Suppose now that a researcher in the design stage of a study computes an anticipated sample size and SE, and plots these as a point on the charts in Fig. 1 or 2. The shade of the region in which the point falls will indicate the strongest of the tests under consideration that would be significant for such a finding. However, that test may not have the required power. A weaker test must then be employed to increase power.
The calculations behind the funnel plots are readily modified to ensure that the region in which a point corresponding to an anticipated effect size and SE falls is the strongest of the candidate tests with the required power. For technical details, see Online Resource 1: “Error rates and sample sizes for one-sided and equivalence tests”.Footnote 1 Figure 3a is the result of applying this modification to Fig. 2b with 80% power, and then translating the units on the vertical axis from SE to total sample size. SE and sample size have an inverse relationship that depends on the study design: this illustration assumes a two group design with equi-sized groups and an anticipated pooled variance of one. While the nominated units on the vertical axis in Fig. 3 have changed, the scaling has not, so a sample size difference of 16, say, represents an increasingly small distance as you go up the charts. The vertical lines in Fig. 3 are at two potential effect sizes; tracking either line upward confirms that as sample size increases, a stronger test is expected to have the desired power.
The region labelled “inconclusive” is enlarged in Fig. 3a compared with that in Fig. 2b. This change is where tests on values that would be significant do not have adequate a priori power. The other regions in the chart are similarly affected, moving upward on the vertical scale to smaller SEs/larger sample sizes. Some regions where equivalence was found (that is, both tests for non-inferiority and non-superiority were significant) are now reduced to findings of either non-inferiority or non-superiority; see Online Resource 1 for clarification on this aspect.
An R-implementation of our tool was used to create the figures in this manuscript and is available online as a Shiny app at meraglim.shinyapps.io/genSSize. The R-code and documentation are available at github.com/JA090/generalized. The tool optionally creates colored versions of the charts. It currently caters for t-tests based on one and two group study designs, and for Pearson’s correlation using Fisher’s transformation. The t-tests are at a default 38 degrees of freedom that users are asked to refine after initial computations lead them to select an approximate sample size. Users must also enter desired power and at least one test alpha level. They may also nominate multiple anticipated effect sizes or correlations, to help gauge the sensitivity of the sample size estimate. These entries are presented as vertical lines through each of the values. Of interest are where these lines cross into regions representing another test. On clicking a crossing point, the required sample size is returned. To help position the cursor accurately, the ranges of displayed effect sizes and sample sizes can be modified.

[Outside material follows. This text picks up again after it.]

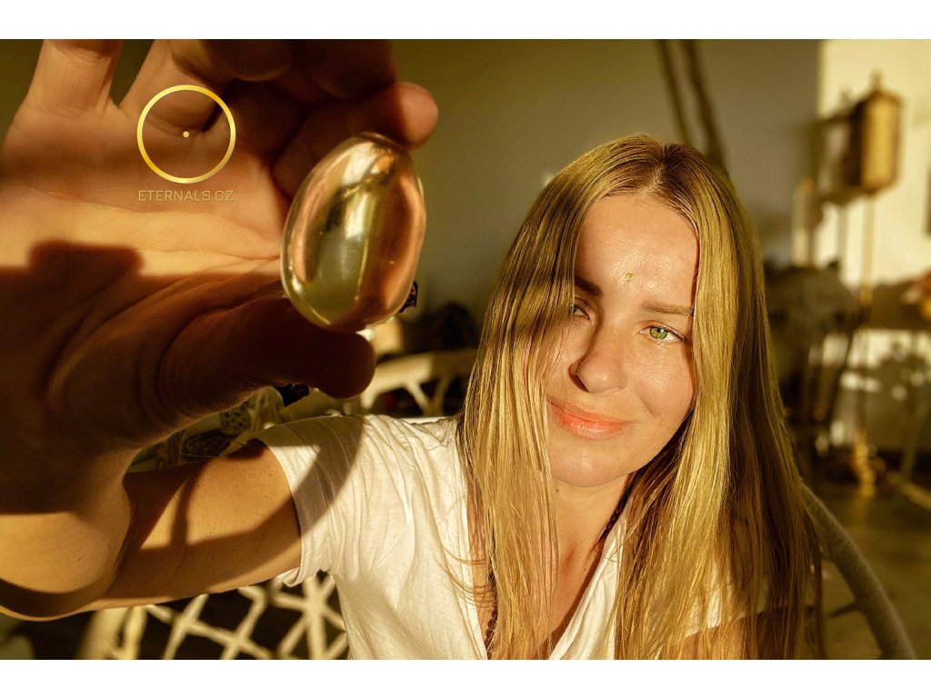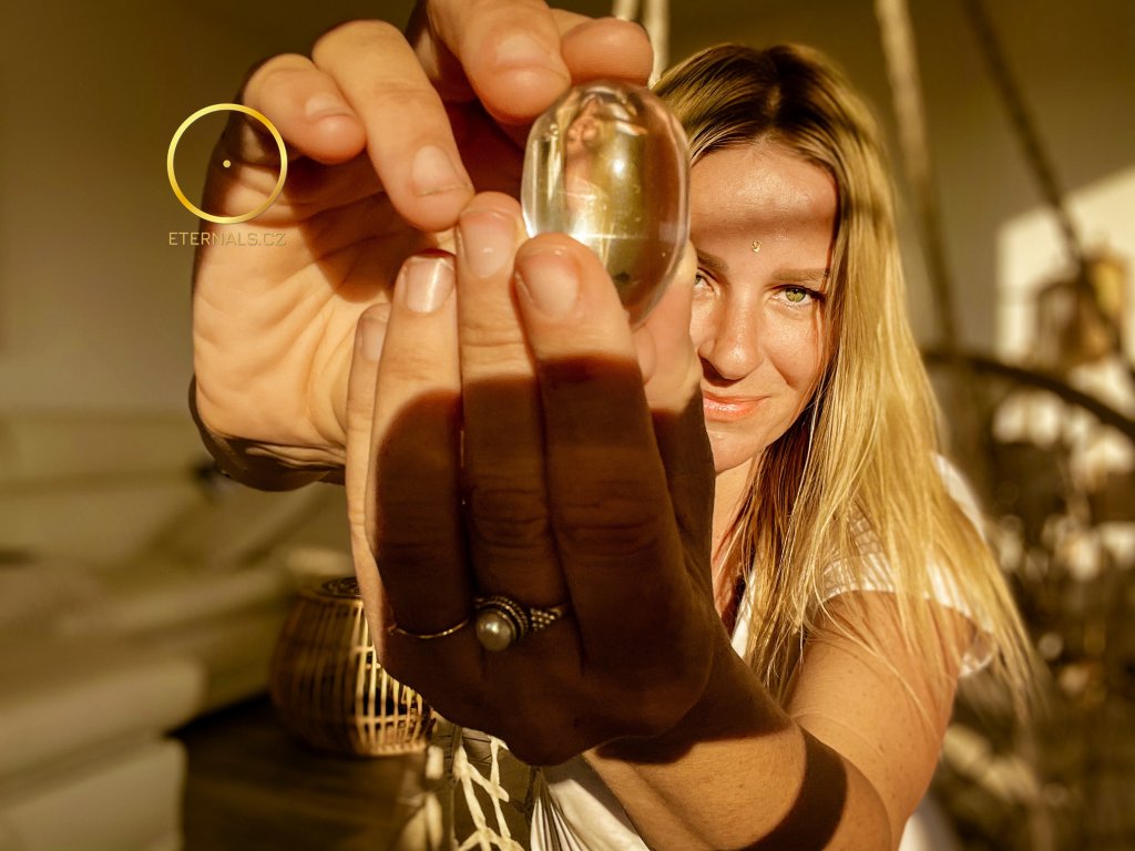 Tachyonizované yoni vajíčko vyrobené z roztaveného křišťálu (melted crystal). Křišťál funguje jako zesilovač energie, vodič a dobře komunikuje a spolupracuje s mantrou omlazení (tu se můžete naučit v online kurzu Omlazující jóga). Vaše biomagnetické pole se v případě, že držíte v ruce křemen, zdvojnásobí. Křemen je vybaven rovněž schopností rozpouštět karmickou setbu. Zvyšuje duševní schopnosti a naladí vás k duchovnímu účelu, pro nějž jste vybráni. Křemen je nejdokonalejší léčivý kámen a lze jej užít při řešení jakéhokoli problému. Podněcuje činnost imunitního systému a uvádí tělo do rovnováhy.

An option overlays the rejection region boundaries for a NHST with zero null over the rejection regions for the various tests against minimum meaninful effect magnitudes. This faciltates comparison with conventional sample size calculations.
To emphasize its link with funnel plots, our tool also allows users to create generalized funnel plots such as those in Figs. 1 and 2. If this option is selected, the user is asked to supply lists of effect sizes and SEs of the studies. These are plotted as points along with the meta-analysis outcome, which can be selected from a fixed-effects or a maximum likelihood random-effects model provided through the metafor CRAN package (Viechtbauer 2010).
4 Discussion
We suggest visualization tools have a role in moving researchers away from dichotomous decision-making based on statistical significance, as called for by Amrhein et al. (2019) and many others. A valid question is whether it is worth asking researchers to consider tests of multiple hypotheses at multiple alpha levels, as our tool does, given the additional complexity. One answer is that researchers who only look for positive effects may miss reporting findings that add to the body of knowledge and may be useful to stakeholders in the research. For example, suppose a researcher hopes to establish superiority and anticipates a moderate effect size, say three times the smallest meaningful effect magnitude. Figure 1c shows that, even ignoring power, the anticipated standard error needs to be close to the smallest meaningful effect magnitude to plausibly seek a significant result at a two-sided alpha level of 0.05. In some cases, establishing non-inferiority may be enough for the research purpose and will be a more realistic goal if sample sizes are constrained. Setting a goal of non-inferiority may still allow a finding of superiority (US Food and Drug Administration 2016)—or vice versa, provided the required margins are selected prior to the study (Committee for Proprietary Medicinal Products 2001).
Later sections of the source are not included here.